§ **BRIEF**: Could every line below be transcribed exactly, with the pictures dropped?

§ **SOURCE DATA**:
----------------------------------------

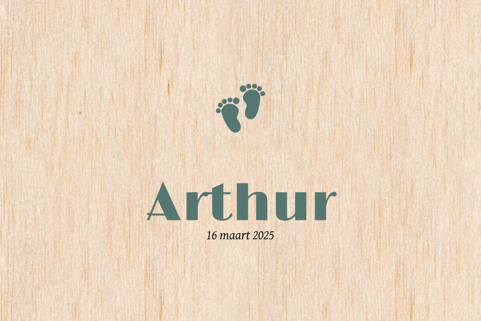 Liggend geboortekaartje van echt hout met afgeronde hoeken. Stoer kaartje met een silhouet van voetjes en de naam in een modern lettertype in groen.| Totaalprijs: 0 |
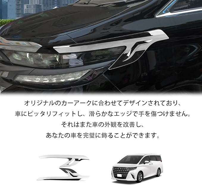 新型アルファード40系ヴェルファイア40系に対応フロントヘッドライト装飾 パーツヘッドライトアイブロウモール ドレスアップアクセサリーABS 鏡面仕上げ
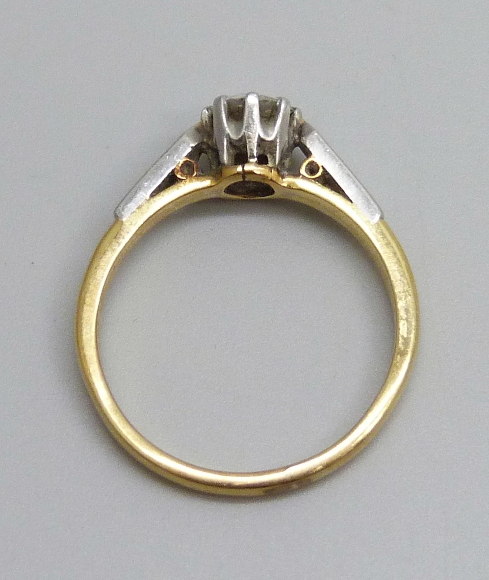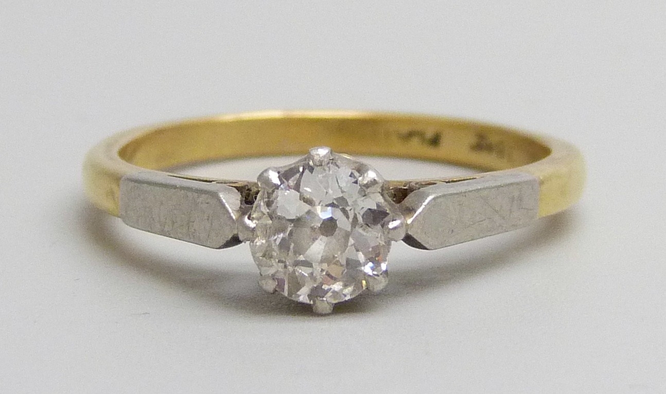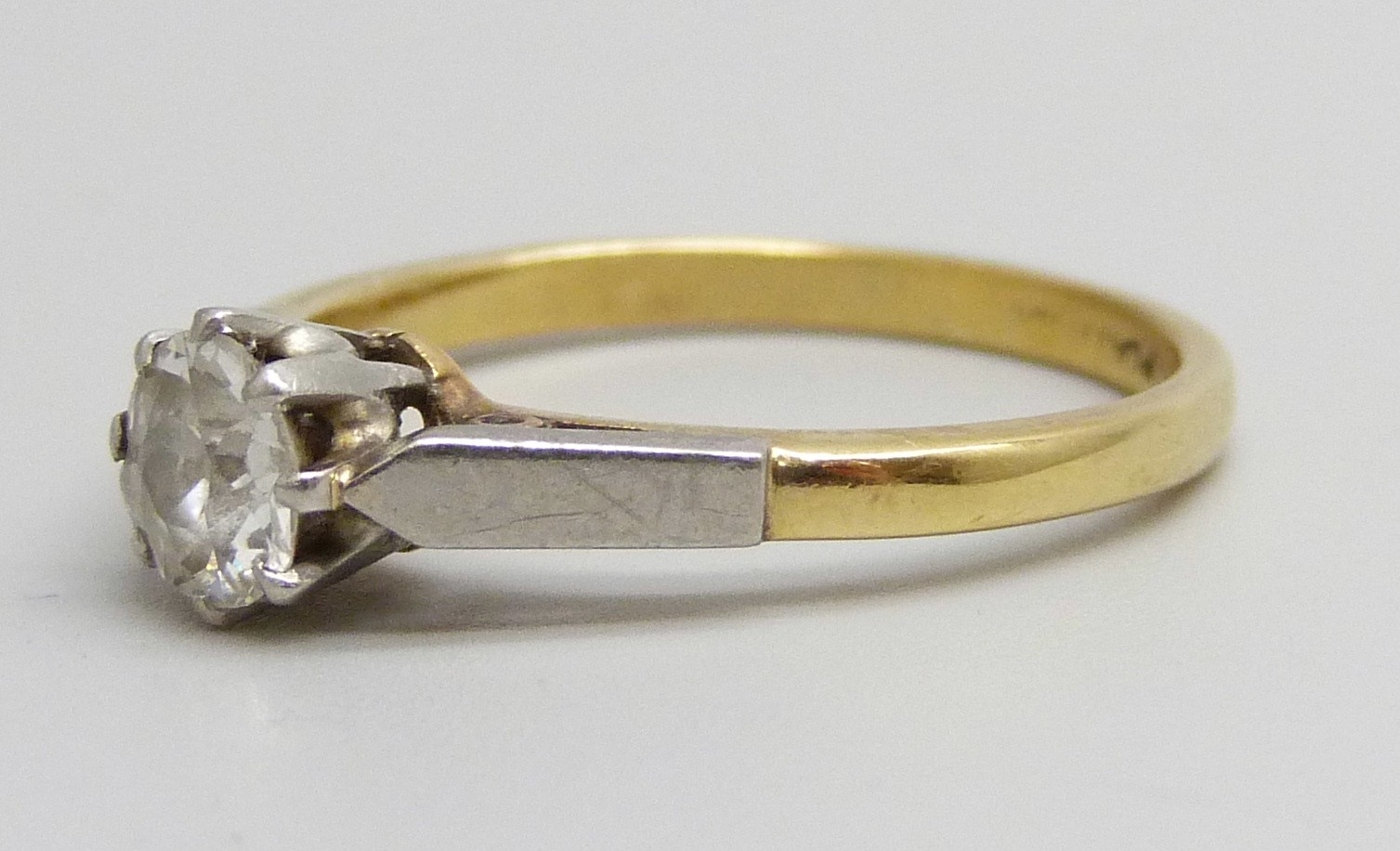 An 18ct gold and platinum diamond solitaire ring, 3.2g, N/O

----------------------------------------

§ **OUTPUT OF THE TASK**:
 Liggend geboortekaartje van echt hout met afgeronde hoeken. Stoer kaartje met een silhouet van voetjes en de naam in een modern lettertype in groen.| Totaalprijs: 0 |
 新型アルファード40系ヴェルファイア40系に対応フロントヘッドライト装飾 パーツヘッドライトアイブロウモール ドレスアップアクセサリーABS 鏡面仕上げ
 An 18ct gold and platinum diamond solitaire ring, 3.2g, N/O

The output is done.